Affirmative Creation Exception
An exception to prior written notice requiring proof that the municipality’s negligent act immediately created the dangerous condition. Conditions that evolve over time (e.g., erosion, settling, repetitive freeze-thaw effects) typically do not qualify.
Special-Use Doctrine (Sidewalks)
An abutting owner may owe a duty to maintain parts of a public sidewalk specially constructed or modified for the owner’s benefit (such as a driveway apron), exposing the owner to liability for defects in that area.
Driveway Apron
The sloped or modified portion of a sidewalk that transitions to a driveway. Because it is constructed for private ingress/egress, it often implicates the special-use doctrine.
Easement
A nonpossessory right to use another’s land for a specific purpose (e.g., passage). The existence of an easement does not automatically shift sidewalk maintenance liability to the easement holder, especially if the easement holder does not abut the sidewalk and the accident did not occur on the easement area.

Conclusion

Votra v. Village of Cambridge refines the boundaries among three recurring doctrines in winter sidewalk litigation. First, the storm-in-progress doctrine does not defeat claims that a separate structural defect concurrently caused the accident. Second, municipalities remain strongly protected by prior written notice laws; absent written notice or an immediate “affirmative creation” of the defect, municipal liability will be dismissed at summary judgment. Third, abutting landowners may face liability under the special-use doctrine for defects in driveway aprons or specially modified sidewalk areas, and they cannot sidestep that exposure by pointing to third-party easements where the fall site and abutting status do not align with the easement.

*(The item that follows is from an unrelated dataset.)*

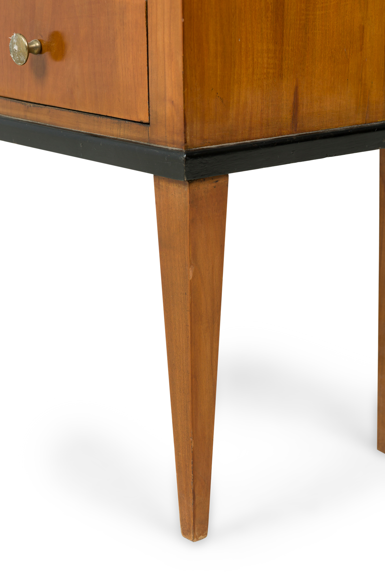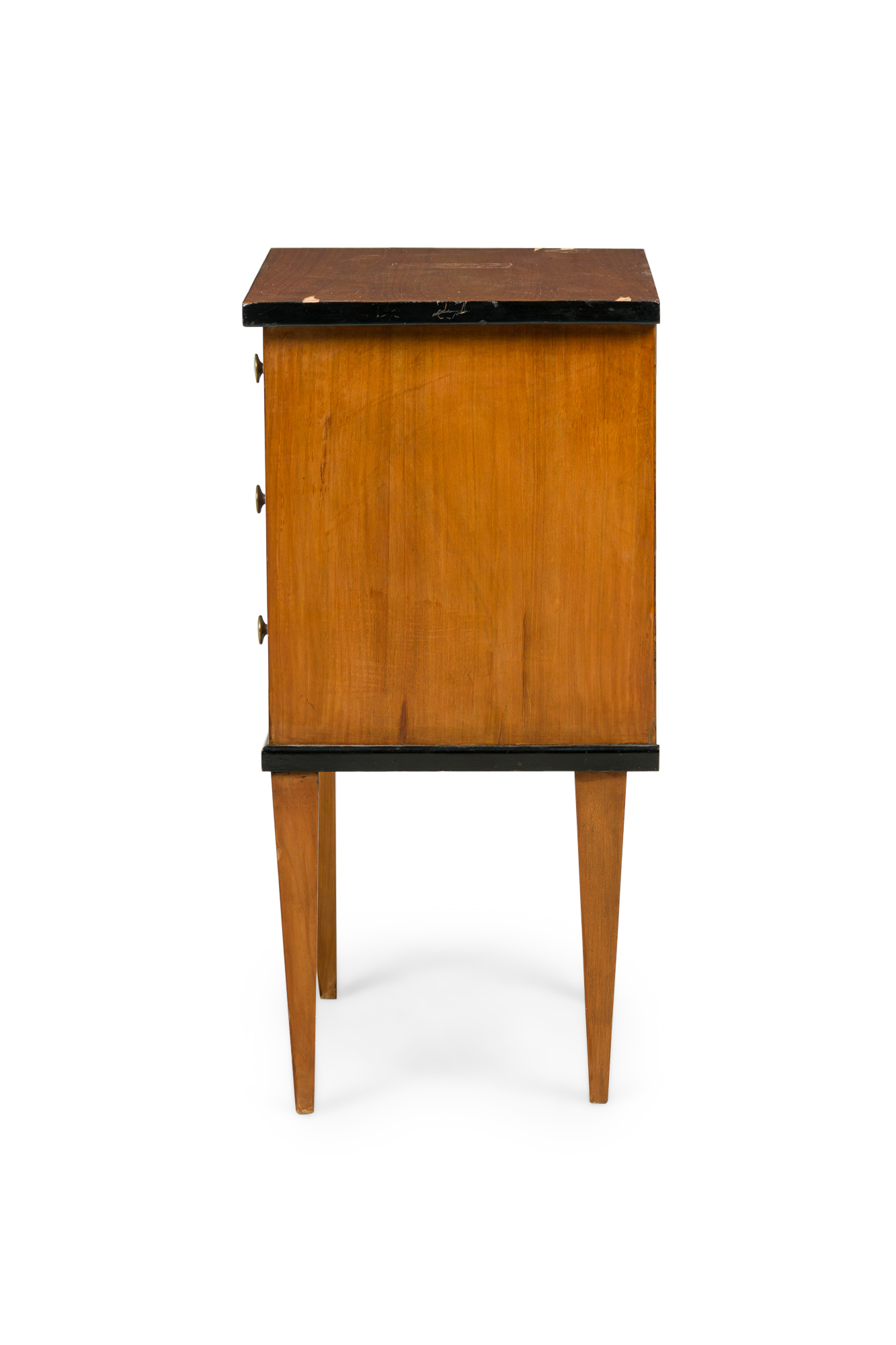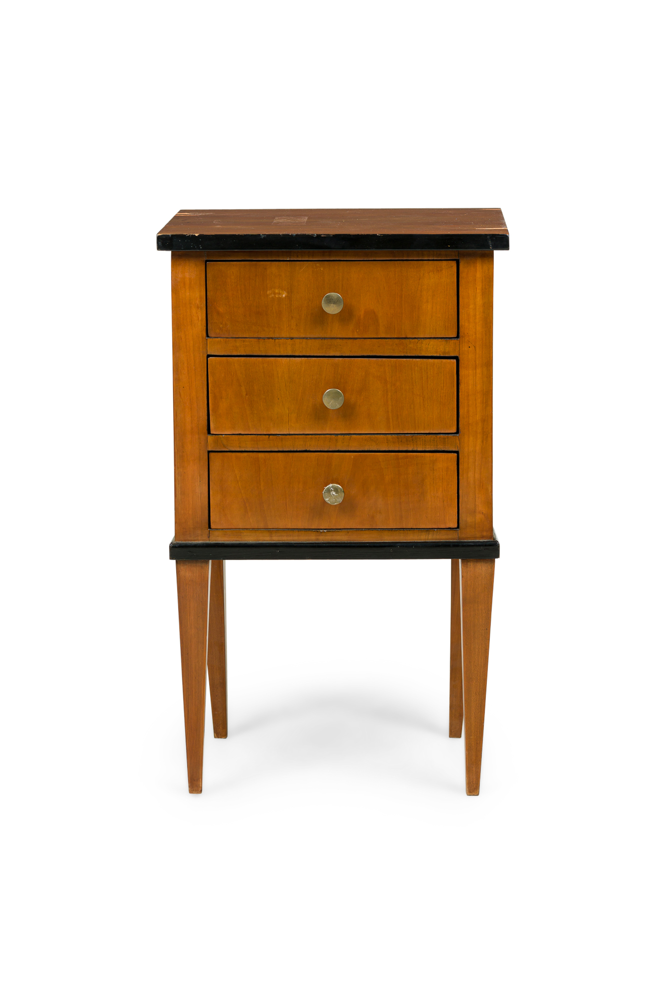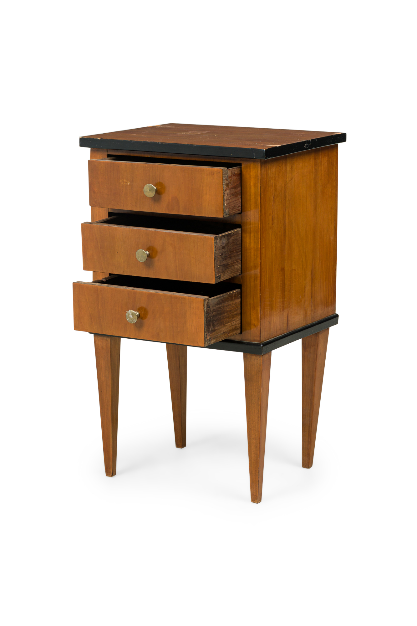 Austrian Biedermeier cherrywood bedside commode with black trim and 3 drawers with brass round drawer pulls (veneer issues on top)

The decision provides a clear roadmap for evaluating multi-causal winter falls: isolate the storm-related aspects from structural defects, apply the strictures of prior written notice to municipal defendants, and probe special-use facts for abutting owners. Going forward, litigants should expect closer scrutiny of driveway apron configurations and usage patterns, careful mapping of accident locations, and rigorous proof regarding written notice and narrow exceptions in municipal cases.

Case Details

Year: 2025
Court: Supreme Court of New York, Third Department

Judge(s)

Ceresia, J.

Attorney(S)

Altman Nussbaum Shunnarah, Boston, Massachusetts (Michael V. Longo of counsel), for appellant. Gerber Ciano Kelly Brady LLP, Buffalo (David P. Johnson of counsel), for Village of Cambridge, respondent. Smith Dominelli & Guetti, Albany (Christoper A. Guetti of counsel), for Michelle Vecchione and another, respondents.